Muhammad Baihaqi merupakan generasi kedua yang memimpin ritual keagamaan dan budaya di desa Majangtengah. Muhammad Baihaqi mengajarkan tentang budaya Halal Bi Halal yang dikemas dalam tradisi khusus yang diberi nama Tellasan Topak Syawal.
Tradisi Tellasan Topak Syawal berasal dari Bahasa Madura yang berarti Hari Raya Ketupat pada bulan Syawal.
Tradisi ini terbentul melalui proses akulturasi budaya Islam Jawa yang diadopsi oleh masyarakat Madura keturunan (Pendalungan) atau Madura Ndalungan, yakni masyarakat etnis Madura yang telah bercampur dengan masyarakat etnis Jawa.

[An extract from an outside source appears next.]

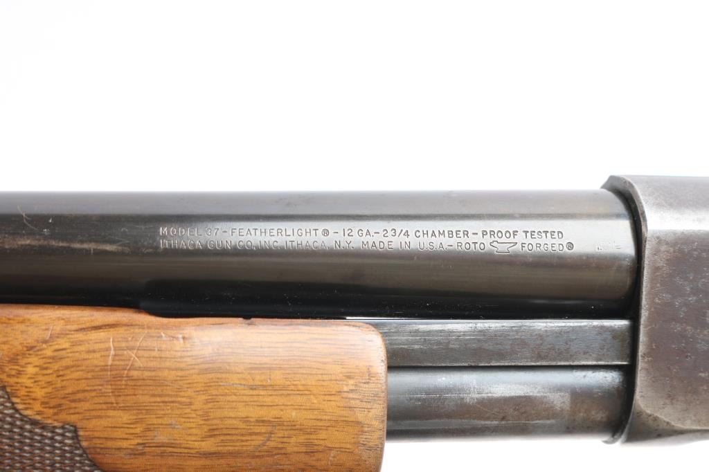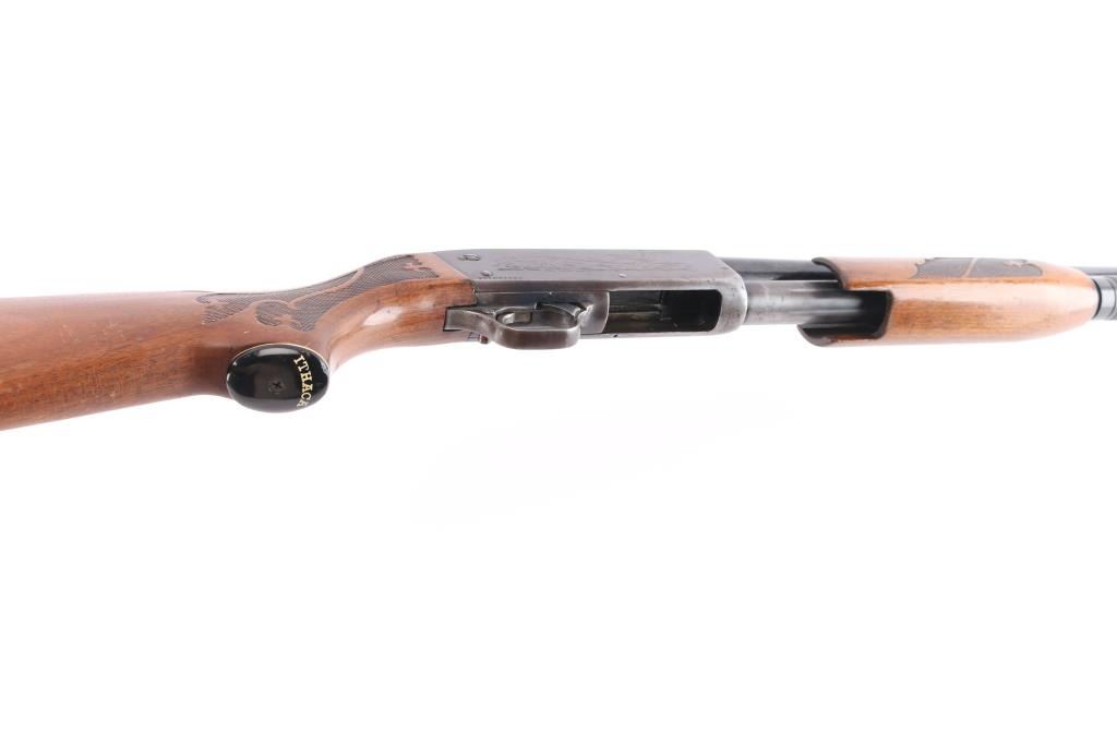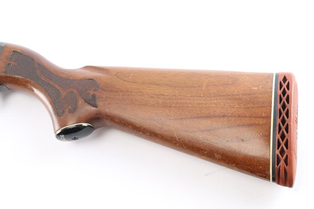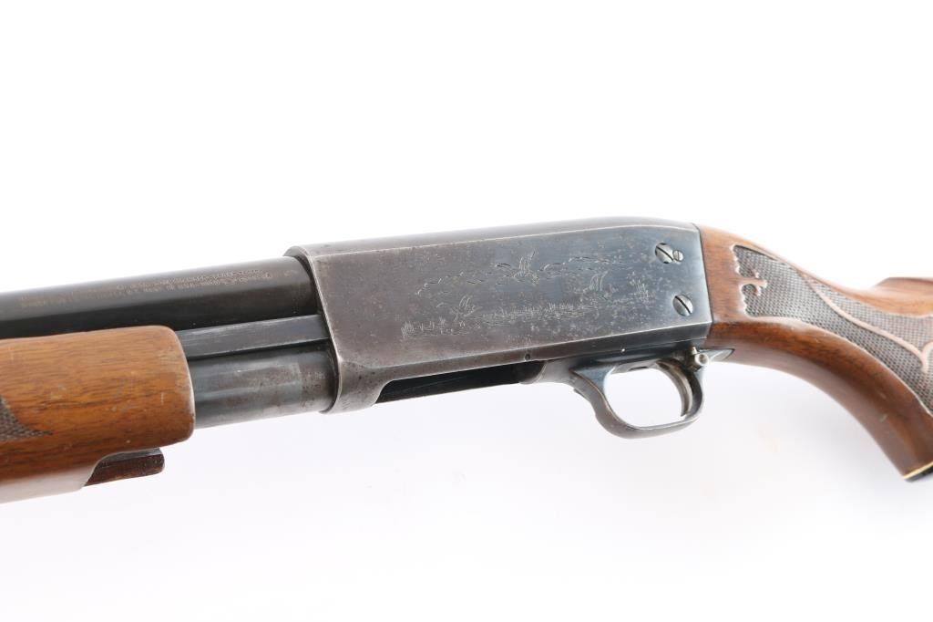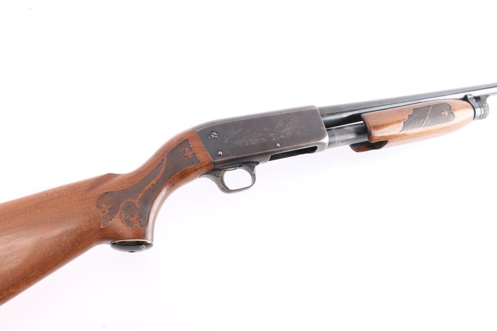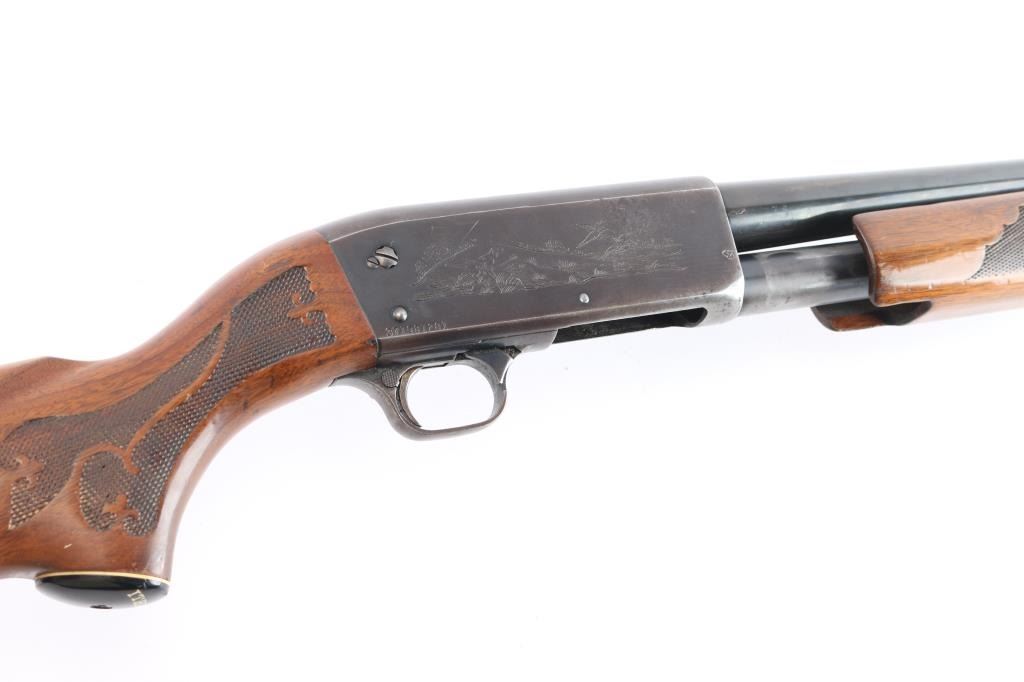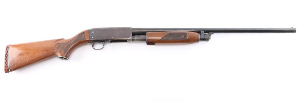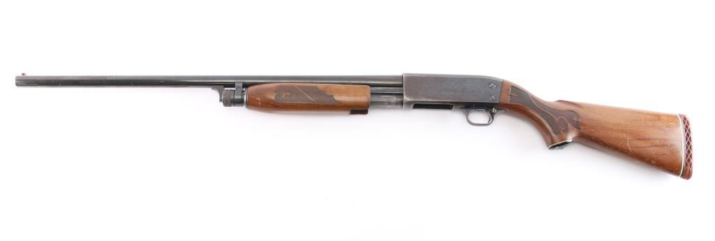 'Featherweight' slide-action 12 Gauge shotgun for 2 3/4" shotshells. Circa 1969. Features a 26" barrel with a Cylinder choke, orange fiber-optic front sight , no rear sight. Fed from a 5-rd tube magazine. Action is crisp/tight. Thumb safety on rear triggerguard. Blued steel. Checkered floral walnut stock and forearm w/black grip cap. Dog/waterfowl scenes roll stamped on both sides of receiver. Red vented recoil pad. Bore appears very good. Retains approx. 50% finish with heavy wear, pin prick pitting on receiver. Wood has dulled finish with some scratches, dents and wear. LOP is 14". NRA Condition is good. ***C&R Firearm***.

Masyarakat yang tinggal di desa Majangtengah merupakan suku Madura Pendalungan, dengan perbandingan 60 persen etnis Madura, dan 40 persen etnis Jawa.
Tellasan Topak Syawal merupakan sebuah tradisi yang menggambarkan satu fenomena identitas sosial atau identitas kolektif.
Rangkaian tradisi Tellasan Topak Syawal yang digelar di desa Majangtengah, diawali dengan Ikrar Halal Bi Halal, yang dilaksanakan pada tanggal 1 Syawal, setelah sholat Idul Fitri dan khutbah Idul Fitri, di dalam masjid jami’ An-Nur.